Addressing Processes

  • To receive messages, any process needs to have a unique identifier.
  • The host devices has its own unique 32-bit IP address. This however is not enough for process identification, as there can be multiple processes running off of the same host.
  • The identifier includes both the IP address and the port numbers associated with the process on the host.

Example port numbers:

  • HTTP is on port 80.
  • Mail servers are on port 25.

What does an application-layer protocol define?

An application-layer protocol defines the following:

  1. Types of Messages Exchanged: Request, Response etc.
  2. Message Syntax: What fields in messages and how fields are delineated.
  3. Message Semantics: The meaning of information in the fields.
  4. Rules for when and how processes send and respond to messages.
  5. Open Protocols: Defined in RFCs, allows for interoperability.
  6. Propreitary Protocols: Skype, Zoom.

What transport service does an app need?

  1. Data Integrity: Some apps require 100% reliable data transfer (such as file transfers, and web transactions) whereas other apps such as audio and video streaming can tolerate some loss.
  2. Timing: Some apps such as online gaming and calling require low delay to be ‘effective’.
  3. Throughput: Some apps such as multimedia require minimum amount of throughput to be effective. Other apps make use of whatever throughput they get.
  4. Security: Encryption and data integrity.

Internet Transport Protocol Services

TCP - Transmission Control Protocol

The following are the distinguishing features of TCP.
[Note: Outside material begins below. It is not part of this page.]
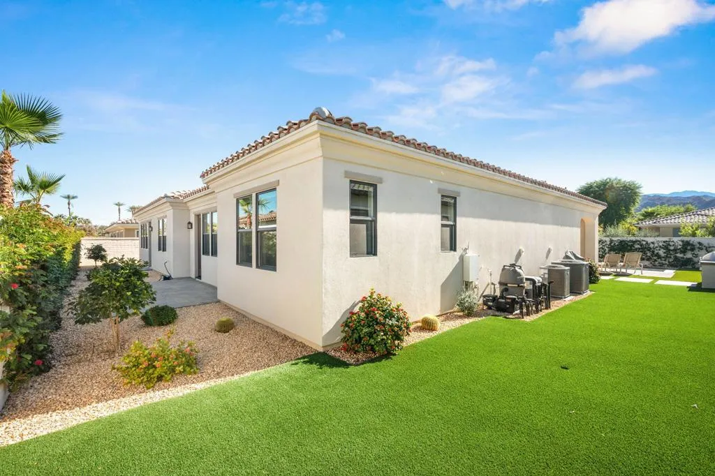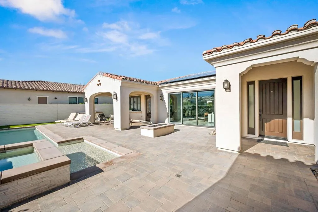 **Welcome to The Province**, an exclusive gated enclave in the heart of Indian Wells, where modern desert living is elevated to its finest expression. This stunning **3-bedroom, 4-bathroom residence** showcases sophisticated design, premium finishes, and thoughtful craftsmanship throughout.Step inside to a **spacious open-concept floor plan** designed for effortless entertaining. The expansive great room flows seamlessly into the dining and living areas, enhanced by a stylish **wet bar with direct outdoor access**, creating a true indoor-outdoor lifestyle.The **gourmet kitchen** is a showpiece, featuring quartz countertops with designer tile backsplash, an oversized quartz island accented by custom pendant lighting, abundant cabinetry, and premium stainless steel appliances--including a **Wolf six-burner range, Sub-Zero refrigerator, Wine Cooler, Cove dishwashers**, walk-in pantry, and under-cabinet lighting--perfect for both the culinary enthusiast and the entertainer.The **primary suite** offers a private sanctuary with direct outdoor access, generous custom cabinetry, and a spa-inspired bath complete with a quartz double vanity, smart bidet, expansive tiled shower, and a luxurious soaking tub designed for ultimate relaxation. A custom-designed walk-in closet adds both elegance and functionality.An additional **flex room ** provides versatility for a home office, media room, or den. Two beautifully appointed guest bedrooms each feature their own full bathrooms, offering comfort and privacy for family and guests alike.Professionally decorated with a modern, refined aesthetic, the home reflects exceptional pride of ownership throughout.Outside, your **private south-facing desert oasis** awaits. Enjoy year-round sunshine with a sparkling **saltwater pool and spa**, cascading waterfall, fire pit, and **breathtaking mountain views**. A custom built-in BBQ creates the perfect setting for alfresco dining and entertaining under the stars.Additional upgrades include **owned solar panels, custom tile flooring, tankless water heater, dual-zone HVAC**, and an oversized garage with extensive storage.This exceptional residence offers the very best of **luxury desert living** with incredible south views of the mountains. As an Indian Wells resident, enjoy exclusive discounts on world-class golf and dining.A must-see opportunity in one of the desert's most coveted communities.

  1. Reliable Transport: TCP ensures that data is delivered reliably from the sender to the receiver. If any data is lost or corrupted during transmission, TCP detects it and retransmits until it is successfully delivered.
  2. Flow Control: TCP manages the flow of data between the sender and receiver to ensure that the sender does not overwhelm the receiver with too much data at once. It uses mechanisms like windowing to adjust the rate of data transmission based on the receiver’s capacity.
  3. Congestion Control: TCP dynamically adjusts the rate at which it sends data to avoid congestion. If the network is congested, TCP will slow down the transmission to prevent further congestion.
  4. Connection-Oriented: Before the data can be sent, TCP requires a connection to be established between the sender and receiver (often referred to as a three-way handshake). This setup ensures that both parties are ready to communicate and agree on all parameters like window size, sequence numbers etc.
  5. Does Not Provide Timing, Minimum Throughput, or Security: TCP does not guarantee real-time data delivery, minimum throughput or provide built-in security features like encryption.
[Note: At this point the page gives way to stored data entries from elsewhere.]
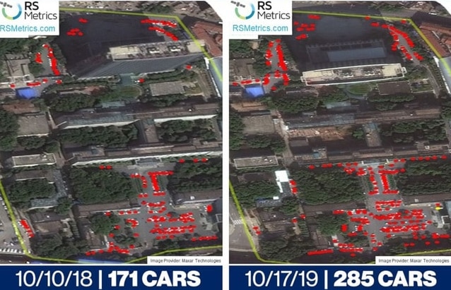 Hình ảnh chụp vệ tinh cho thấy các bãi đỗ xe ở bệnh viện tại Vũ Hán tăng mạnh vào tháng 8 năm 2019.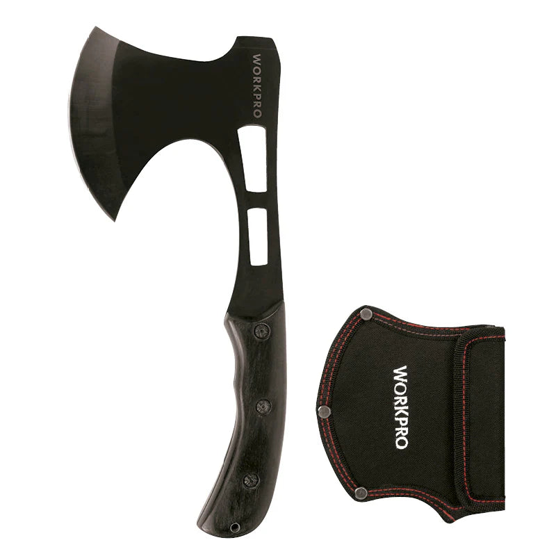 فأس WORKPRO Cold Steel Hawk Axe W014053 هو أداة صغيرة وحادة، مصممة للأنشطة الخارجية مثل التخييم ومهام البقاء. يتميز برأس فولاذي مطروق على البارد ومقبض مريح، مما يضمن المتانة والراحة أثناء الاستخدام.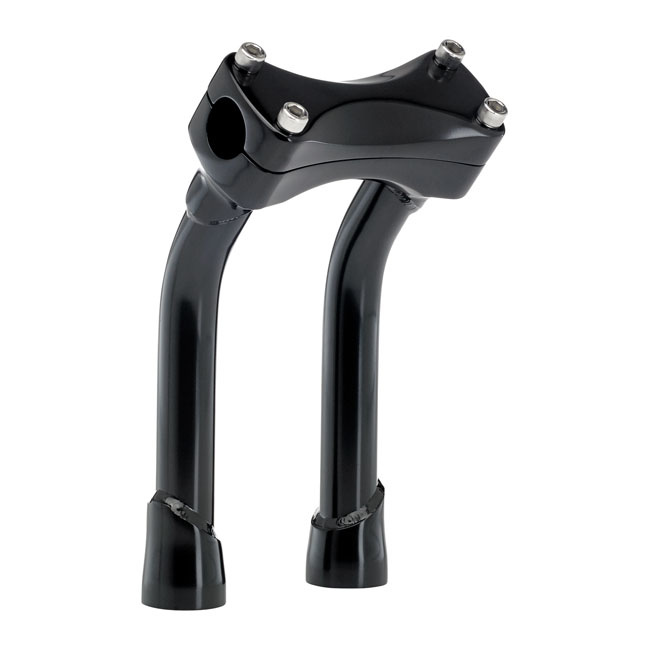 Verchroomd/Zwart. TUV goedgekeurd. Met 5,1 cm terugvering. Voor 25,4 mm-stuur. Gemaakt van gegoten staal bovenste en schroefdraad lager. De stijgbeugelbuizen zijn TIG-gelast naadloos 4130 chromoly met 3mm dik buizenstelsel en 1/2-13 ingepaste opzettende gaten die voorraadstijgbeugelbouten zullen nemen. De tussenruimte is 89 mm, zodat de meeste H-D top triple bomen passen. Het bovenste klemmenpatroon is geschikt voor de standaard H-D snelheidsmeter en toerentellersteunen.

UDP - User Datagram Protocol

  1. Unreliable Data Transfer: UDP provides unreliable communication, meaning it does not guarantee that the data will be delivered at all, or in the correct order. There is also no retransmission if the packets are lost.
  2. Does Not Offer: There is no flow control, congestion control or connection setup.
  3. Connectionless: UDP is connectionless which means that it does not require any handshake or setup between the sender and the receiver. This makes it faster since there is no overhead in establishing a connection before sending data.
  4. No Guarantees: UDP does not offer any built in guarantees regarding timing, data throughput or security.

Why Bother with UDP?

There are certain use cases where its simplicity and lack of overhead give it advantages over TCP:

  1. Speed: Makse it ideal for applications where speed is critical and occasional data loss is acceptable, such as live streaming, online gaming etc.
  2. Low Latency: It’s connectionless nature means it can provide low-latency communication which is crucial for VoIP and online gaming applications where delayed packets can cause noticeable disruptions.
  3. Efficiency for Small Data: For applications that send small, self-contained messages like DNS queries, UDP is more efficient as it avoids the overhead of connection setup and maintenance.

Securing TCP

Vanilla TCP & UDP Sockets have no encryption. Plaintext passwords that are sent into the socket traverse the entire Internet in plaintext with no encryption, which is unacceptable. That’s why we need to add security to the transport layer.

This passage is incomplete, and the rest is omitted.